Last week, I went to Scotland and stayed on one of the most famous golf courses in the world. I ate Lobster and Asparagus, and did a show. The words don't come pouring forth because ... well, I'm thinking of goodbyes. I spent the rest of last week with Sophie, Paige, Colton. I went to the Supper Club, a place where dinner is served to you while you sit on a giant bed, and DJs spin ultimate Trip-Hop tunes. There's a giant golden door with engraved names, and an art gallery. It was the best food I had since I moved to Amsterdam. I ate Japanese food and played Zelda. And as happy as everything made me, as amazing as it was, I'm still down. I have the greatest girlfriend in the world. So why am I sad?

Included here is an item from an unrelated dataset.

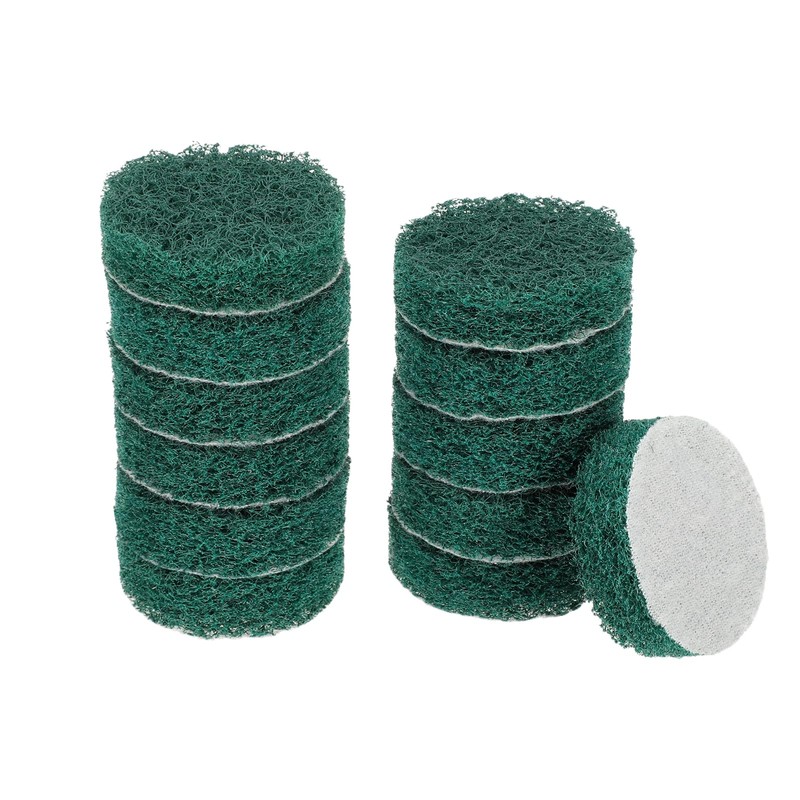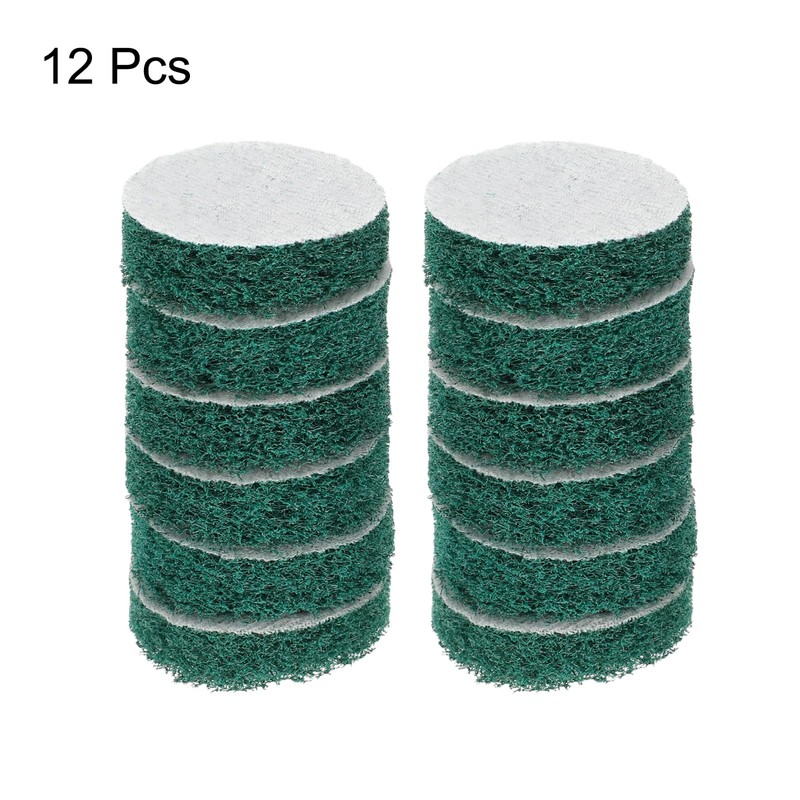 sourcing map 12pcs Scrubber Scouring Pads 180 Grits 2 Inch Drill Power Brush Hoop and Loop Surface Conditioning Disc Drill Scuffing Disc Scrub Pads for Home Kitchen Cleaning, Green

Because even though everything is amazing in Amsterdam, tomorrow one of the best comedians I've met in my life leaves for New York. Colton Dunn; a warm soul and playful spirit -- taking off to seek fame and fortune in the Big Apple. He's my muppet. And he'll be missed very much.
The first night I was here, I climbed up onto the second story of the stage, and hung out with a bottle of white wine and pitied myself. And who joined me? Colton. He used to be the white wine boy, and the torch had been passed.
And it makes me aware, suddenly, of this whole process being a continuous set of goodbyes. Goodbyes to come here, goodbyes to stay ... so many goodbyes. It's the best thing in the world to have so many people worthwhile ... and so terrible to have to watch them all leave. Or watch them stay when I take off.
I head home tomorrow, to say Hello, Goodbye to all of my Los Angeles friends and family. See you soon, and see you later to those leaving. I'll miss you, Colton. Toodle-Pip.